Assignment: Each line of the listing that includes the string "Slika" is to be identified and copied.
[Opening Source information section]
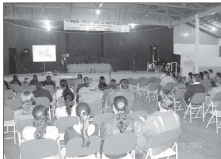
Comerciantes ouviram com atenção as orientações do PAS

O Programa Qualidade na Mesa é composto por várias ações, sendo as principais o Programa Boas Práticas – Segurança de Alimentos; Formação de Multiplicadores para
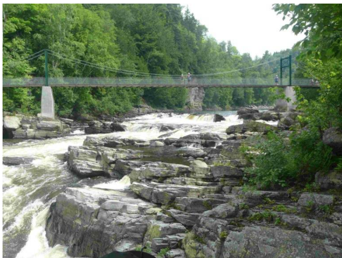
サントヌヌ溪谷ハイキング 2015.7.7
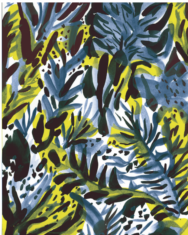
entre le jardin et les poumons.

Cet automne, elle effectuera une nouvelle résidence de création avec en ligne de mire une concrétisation qui pourrait prendre la forme d'une exposition et/ou d'une édition et/ou d'une performance... Tout est encore possible!
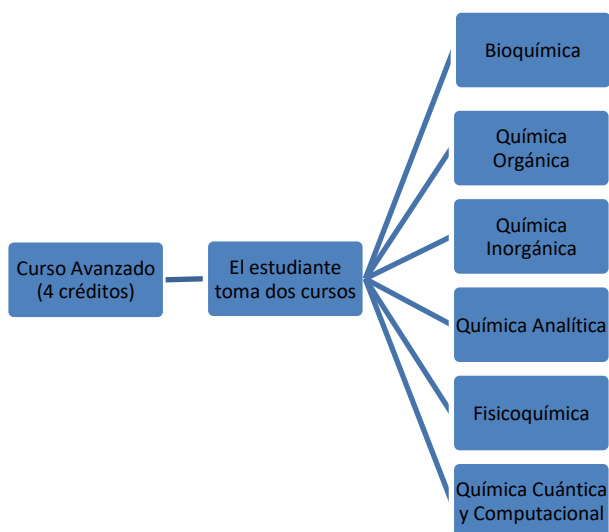
Figura 1. Cursos de fundamentación ofrecidos por el Departamento de Química.

El Taller de Investigación y el Laboratorio de Posgrado se ofrecerán semestralmente y los cursos de fundamentación se alternarán anualmente. La calificación en todos los casos será numérica.
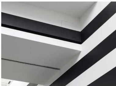
Yuki Kimura, Stripe (2022), Installationsansicht Kunstverein für die Rheinlande und Westfalen, Düsseldorf, 2022, Foto: Cedric Mussano
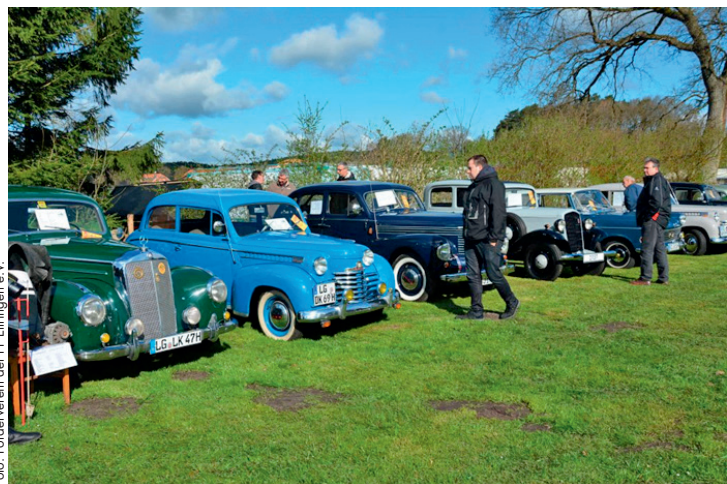
Glänzender Chrom wohin das Auge schaut

SE EINHÄUSER STEUERBERATUNGSGESELLSCHAFT MBH
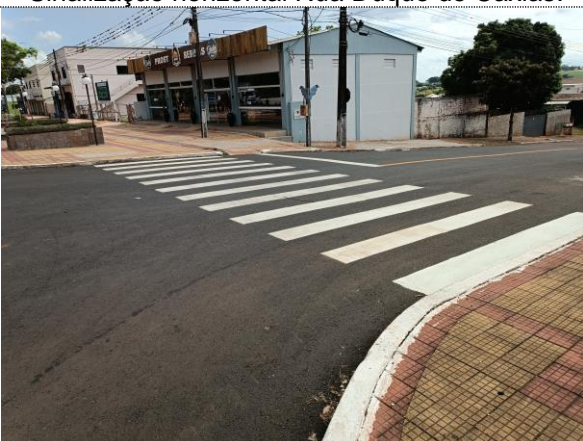
Sinalização horizontal Avenida Nilo Bazzo.
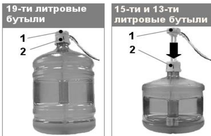
Рис.2 Установка сифона на бутылки с водой
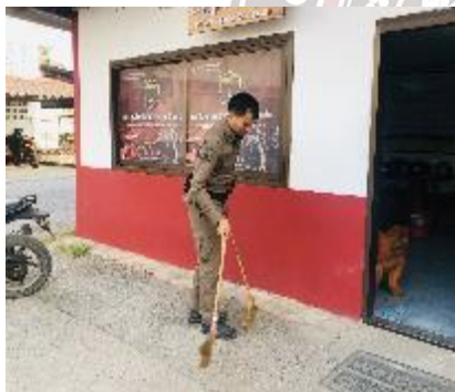
ทำความสะอาดบริเวณห้องปฏิบัติการ สายตรวจ
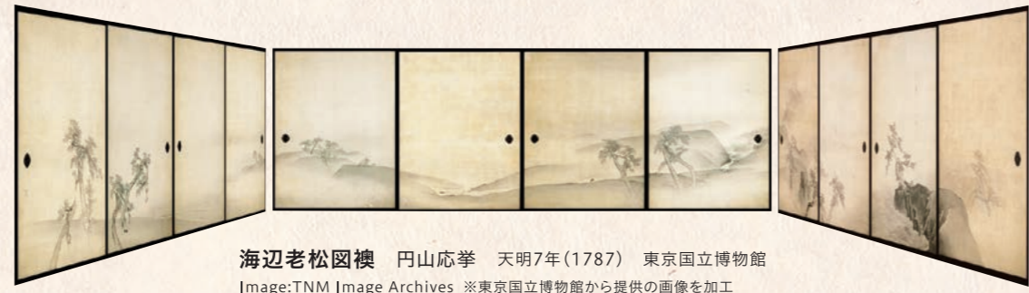
海辺老松図襖 円山応挙 天明7年(1787) 東京国立博物館

明治23年9月、神戸布引に開館。大正13年(1924)の第14回の展覧まで活動していました。公開は年に数日で、入館できるのは川崎美術館から送付された縦覧券を持つ招待客のみでした。美術館の室内には、現在東京国立博物館に所蔵されている円山応挙の襖絵が飾られていました。本展では、円山応挙の襖絵を用いて、美術館の一部の空間の再現展示も行います。
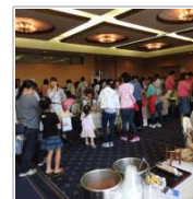
開催場所のジレンマ 5日前
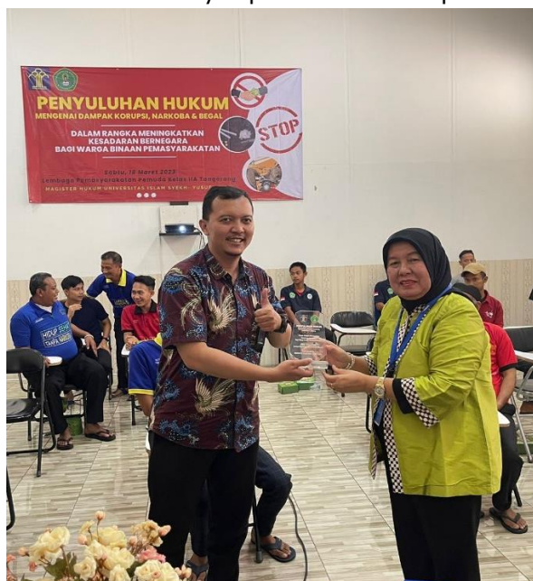
Gambar 3. Pemberian cinderamata

Adapun pertanyaan-pertanyaan selama pengabdian kepada masyarakat berlangsung diantara lain sebagai berikut:
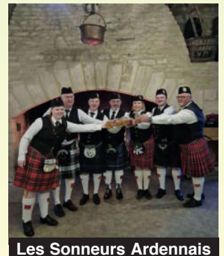
Les Sonneurs Ardennais
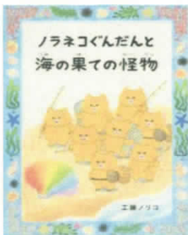
ノラネコ軍団の 冒険物語
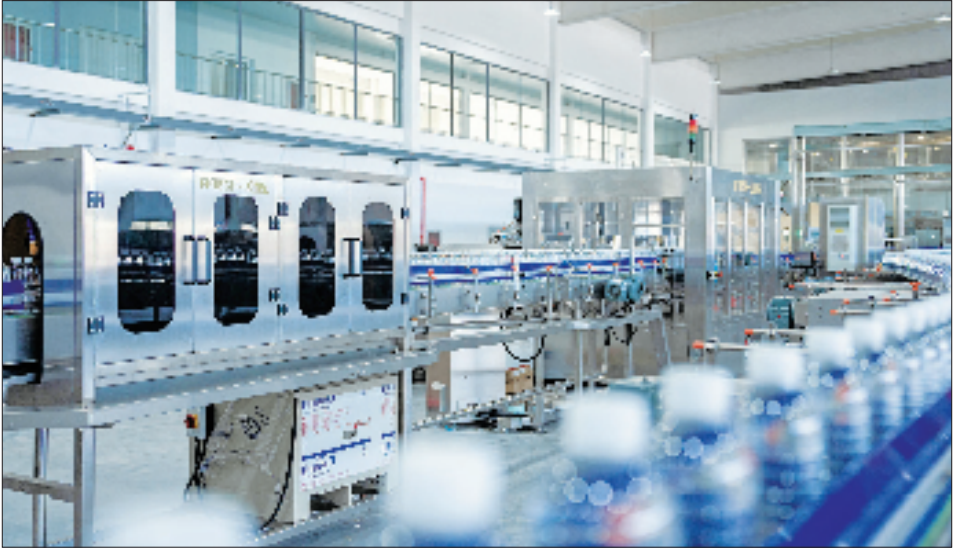
龙泉查田镇的“丽水山泉”矿泉水生产基地,一条条自动化生产线高速运转。
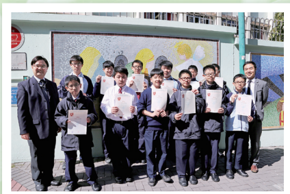
數學比賽得獎學生
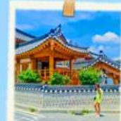
หมู่บ้านอินพยอง
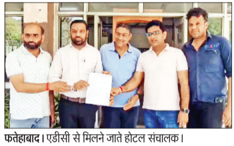
फतेहाबाद। एडीसी से मिलने जाते होटल संचालक।
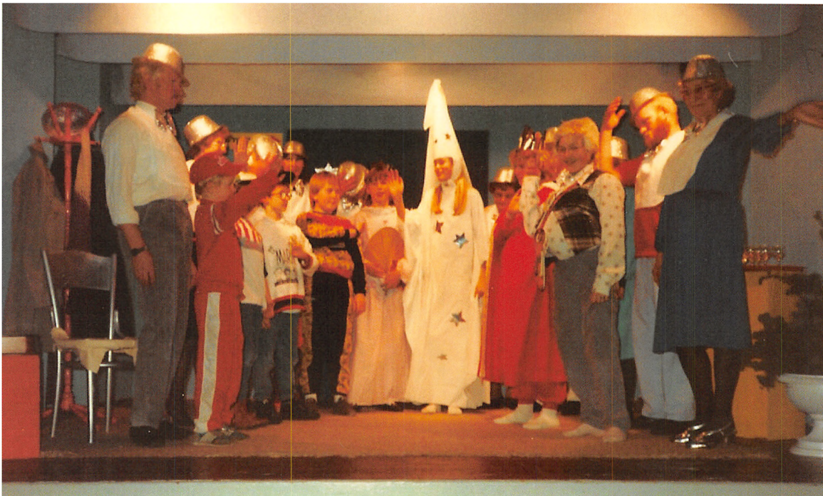
Børne- og Ungdomsafdelingen optræder i forestillingen "Panodrama" (1989).
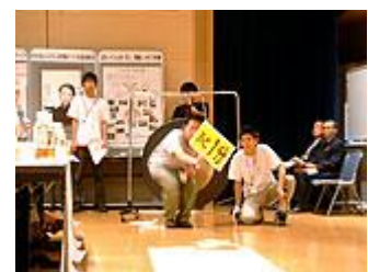
「あと一分！」 時間になると銅鑼が鳴る

3分間のプレゼンテーションでは、それぞれの活動内容をパソコンやビデオなどを駆使して自由に表現し、運営委員の質疑にもよどみのないアピールが行われ、終始熱気に包まれました。「趣旨適合性」「計画実現性」「先駆性・独創性」「市民の関心や参加の広がり」「予算の妥当性」の5項目を3段階評価で集計した中間審査結果が発表された後、各1分間の“最後のひと押し”なるアピール合戦が行われ、いよいよクライマックス。
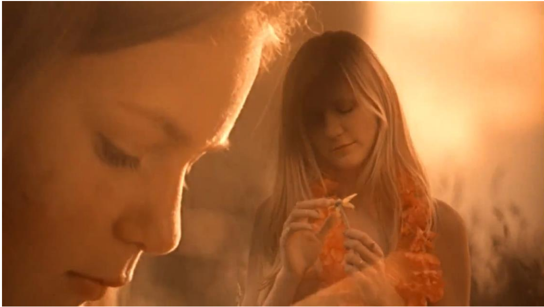
Slika 2 „We felt the imprisonment of being a girl.“ Nevina samoubojstva , Sofia Coppola, 1999.

Muški pogled fokusiran na predivne djevojke s tragičnom sudbinom glavni je pokretač radnje romana. Ipak, Eugenides se ne prepušta „muškom pogledu“ kao automatskom položaju stvaranja umjetnosti već preuzima kontrolu nad pogledom i otvara vrata brojnim diskusijama o odnosu naratora i djevojaka, ali ponajprije o odnosu naratora i čitatelja, a potom i čitatelja i djevojaka. Profesorica engleske književnosti Debra Shostak (2009: 808) navodi da su ju komentari kolega da je roman jednostavno i mizogino djelo naveli da analizira kako čitatelji reagiraju na naratorovu kontrolu nad perspektivom. Roman ne objektivizira djevojke u svrhu pukog užitka i dominacije nad bespomoćnim ženskim likovima već taj zadatak svjesno daje kolektivnom naratoru, a predajom te uloge grupi dječaka/muškaraca koji pripovijedaju kao jedan glas „muški pogled“ kroz koji narator predstavlja djevojke otvara vrata analizi odnosa čitatelja i njegovog slijepog vjerovanja naratoru. (Shostak, 2009: 808-809)
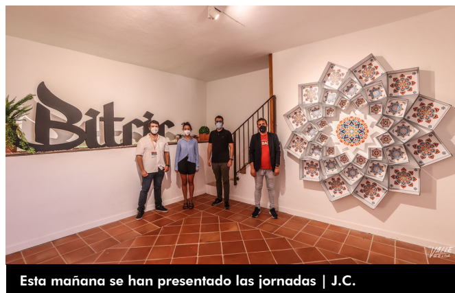
Esta mañana se han presentado las jornadas

Esta tarde comienza la tercera edición de Art al Balcó , que se inaugura esta tarde, a las 19 horas, en la Plaça de Baix , y cuyas obras colgarán de los balcones del centro histórico hasta el 10 de octubre. Durante los días 18 y 19, a las 12 horas y saliendo de la plaça de Baix, se realizarán rutas guiadas por componentes de la Asociación "la Casica del Artista".
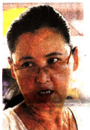
主妇许太太说, 外面的人可以看进女厕内, 确实不雅观。
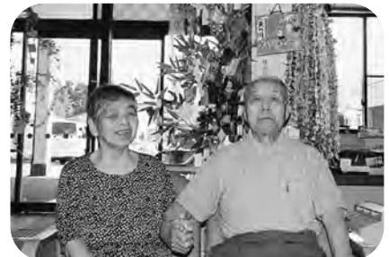
▲小野田西部デイサービスセンター
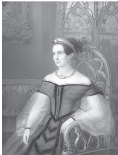
Императрица Александра Федоровна. В. Гау. 1834 г. ГМЗ «Петергоф»

Возвращавшихся из Италии жену с дочерью Николай выехал встречать в Варшаву. В честь его приезда 11 (23) мая в Лазенках был устроен праздник с иллюминацией. Газета «Варшавский курьер», сообщая об этом празднике, отметила, что парк был иллюминирован «цветными лампами, помещенными на колоннах» 2 . 25 мая 1846 года
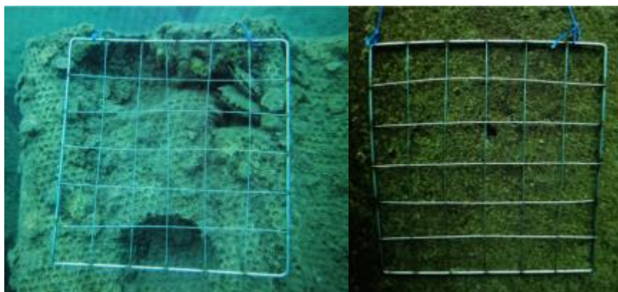
Slika 5. Kvadrat 30x30 cm 2 korišten kod praćenja flore i faune na "eko" betonu-lijevo i običnom-desno. (Ido, S. i Shimrit, P., 2015.).
[Closing Source information section]
Result:
Slika 2 „We felt the imprisonment of being a girl.“ Nevina samoubojstva , Sofia Coppola, 1999.
Slika 5. Kvadrat 30x30 cm 2 korišten kod praćenja flore i faune na "eko" betonu-lijevo i običnom-desno. (Ido, S. i Shimrit, P., 2015.).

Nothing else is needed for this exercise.